WHAT YOU SHOULD DO: Transcribe, starting at the line with "INDIANA TICKET CO." and ending at the line with "Wyobraź sobie moment, gdy", every line of the material below exactly, but leave out the pictures and anything outside that span.

DATASET EXTRACT:
◆ ◆ ◆ ◆ ◆

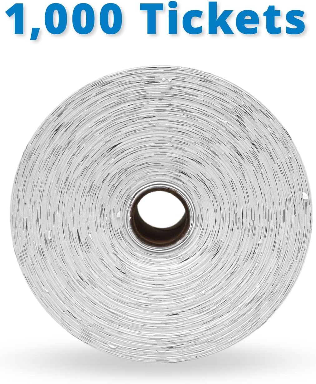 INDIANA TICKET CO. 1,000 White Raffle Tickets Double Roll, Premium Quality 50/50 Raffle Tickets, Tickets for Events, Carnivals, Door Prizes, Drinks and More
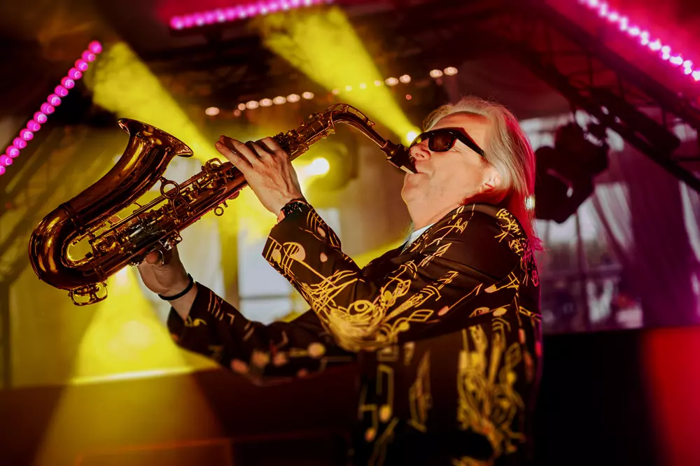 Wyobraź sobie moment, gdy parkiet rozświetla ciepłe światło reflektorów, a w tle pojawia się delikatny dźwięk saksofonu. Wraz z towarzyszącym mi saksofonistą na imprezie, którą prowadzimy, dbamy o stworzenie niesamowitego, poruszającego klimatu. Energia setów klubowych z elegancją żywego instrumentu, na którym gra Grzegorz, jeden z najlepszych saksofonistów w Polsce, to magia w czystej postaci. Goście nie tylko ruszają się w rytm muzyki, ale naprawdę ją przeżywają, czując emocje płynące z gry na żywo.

◆ ◆ ◆ ◆ ◆

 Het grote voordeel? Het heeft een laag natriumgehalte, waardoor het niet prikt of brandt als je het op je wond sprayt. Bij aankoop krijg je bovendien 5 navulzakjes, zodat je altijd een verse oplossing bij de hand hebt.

◆ ◆ ◆ ◆ ◆

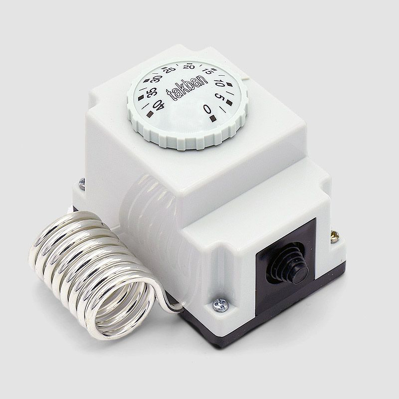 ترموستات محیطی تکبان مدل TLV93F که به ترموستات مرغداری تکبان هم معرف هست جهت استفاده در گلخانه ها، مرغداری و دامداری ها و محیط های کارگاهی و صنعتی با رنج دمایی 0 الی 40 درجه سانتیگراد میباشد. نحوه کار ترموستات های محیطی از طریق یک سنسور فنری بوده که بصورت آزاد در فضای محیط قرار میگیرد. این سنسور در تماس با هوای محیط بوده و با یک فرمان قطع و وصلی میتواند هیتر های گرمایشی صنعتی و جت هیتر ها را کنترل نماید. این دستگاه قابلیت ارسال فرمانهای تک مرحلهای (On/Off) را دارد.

◆ ◆ ◆ ◆ ◆

WRITTEN RESPONSE:
 INDIANA TICKET CO. 1,000 White Raffle Tickets Double Roll, Premium Quality 50/50 Raffle Tickets, Tickets for Events, Carnivals, Door Prizes, Drinks and More
 Wyobraź sobie moment, gdy parkiet rozświetla ciepłe światło reflektorów, a w tle pojawia się delikatny dźwięk saksofonu. Wraz z towarzyszącym mi saksofonistą na imprezie, którą prowadzimy, dbamy o stworzenie niesamowitego, poruszającego klimatu. Energia setów klubowych z elegancją żywego instrumentu, na którym gra Grzegorz, jeden z najlepszych saksofonistów w Polsce, to magia w czystej postaci. Goście nie tylko ruszają się w rytm muzyki, ale naprawdę ją przeżywają, czując emocje płynące z gry na żywo.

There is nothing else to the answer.